PTC Velocity Redesign

Overview

PTC Velocity is a Sales Enablement Platform, powered by SAVO Group. The goal of this project was to revamp the web UI and navigation that result in better user experience.

My Role

User Research • Prototyping • UI Design • UI Development

Challenge

Though its purpose is to enable better sales process, PTC Velocity’s bad UI and poor content organization were not tailored to fit the needs of our daily users, the sales reps and partners reps.  

We knew the website refresh needed to start from home. The old homepage did not serve much of its purpose. Randomly placed announcement banners and unclear buttons on top made the homepage to look confusing.

Goals

With the this project, we wanted to accomplish following goals:

Redesign with consistent UI
Better content organization
Provide easier way to access translated contents
Improve navigation experience

Explore

To learn more about our users’ experience with the current site, we conducted user interviews and usability testing. Based on the feedbacks we collected, we were able to identify 3 major user behavior using this platform.


Searchers
know what they are looking for, use the search bar to look for the contents.

Navigators
know what type of content to look for. So they start navigating through pages to find them, often getting frustrated for getting lost in the navigation.

Receivers
are not comfortable using the system for its confusing UI. They want contents to be delivered  directly to them.

User Stories

“When I go into Velocity, I care more about information design than pretty looking UI. As long as I can find contents as quickly as possible, the better.”

Many users struggled navigating through pages to find the right content. We needed to find the best way to make their discovery experience easy and seamless.

Design

The design process consisted of card sorting, information architecture, task flows, and creating low-fi/high-fi wireframes.

Features

Based on what we learned from multiple sessions of testing, I created the new layout of the homepage and the segment page by breaking each elements into modules, prioritise them and lay them out in order of importance.

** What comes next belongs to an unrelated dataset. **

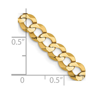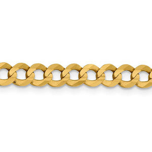 Ageless and classic, a curb or Cuban chain is one of the most durable single link styles. This women's polished bracelet is created from 14k yellow gold and features a lightweight, solid link, flat open curb chain design that is approximately 6mm in width by 8-inches in length and closes with lobster claw clasp.

This modular approach was implemented to make sure it addressed and solved the problems. I built out the working prototype, using HTML & CSS.

Feature 1: CTA Blocks

We had important announcements and messages we’d like to share with our users on weekly basis. Original design was a sliding banner. However, based on the feedbacks we received from testing, our users were not clicking the navigation buttons to toggle through different announcements. Thus I decided to create CTA blocks that housed multiple announcements at one glance.

Feature 2: What's New, What's Hot

Time was valuable for sales reps. Even though the search and improved navigation from homepage intended to save their time, they still wanted to directly access recently uploaded and popular contents. So I implemented the "what's new and what's hot" widget that automatically updated.

Feature 3: Announcement Ticker

Besides the items that were featured in the CTA blocks, which were limited with 5 items, the secondary announcements needed the users' attention. An announcement ticker was intended to serve that purpose without taking over too much estate on the page.

Feature 4: Tab Menus

The current website did not have tab menus to use in the default system. As a content-heavy website, the pages often got overwhelmed with long lists of contents, which forced users to continuously scroll down the pages to find what they were looking for. So, I created the tabs to organize the pages and contents more efficiently.

Feature 6: Cards Patterns

To allow users to digest information and complete actions quicker in a content heavy website, I designed and developed cards patterns that could be used used across the platform. As a visual container that holds multiple information in organized way, cards were implemented to be used differently based on the nature of the content.

Putting Everything Together

From homepage to other subpages, here is how our website revamped.

Take Away

There is never a perfect design! We had a lot of positive feedbacks from our users with the redesign. Users were satisfied with cleaner UI and improved navigational experience.

However, even the new design could not satisfy our users 100%. As they continued using the tool, they faced with new sets of problems. I learned how important it is to never get fully satisfied with the design decisions and the continue the effort of iteration, which should not be an option but a habitual routine.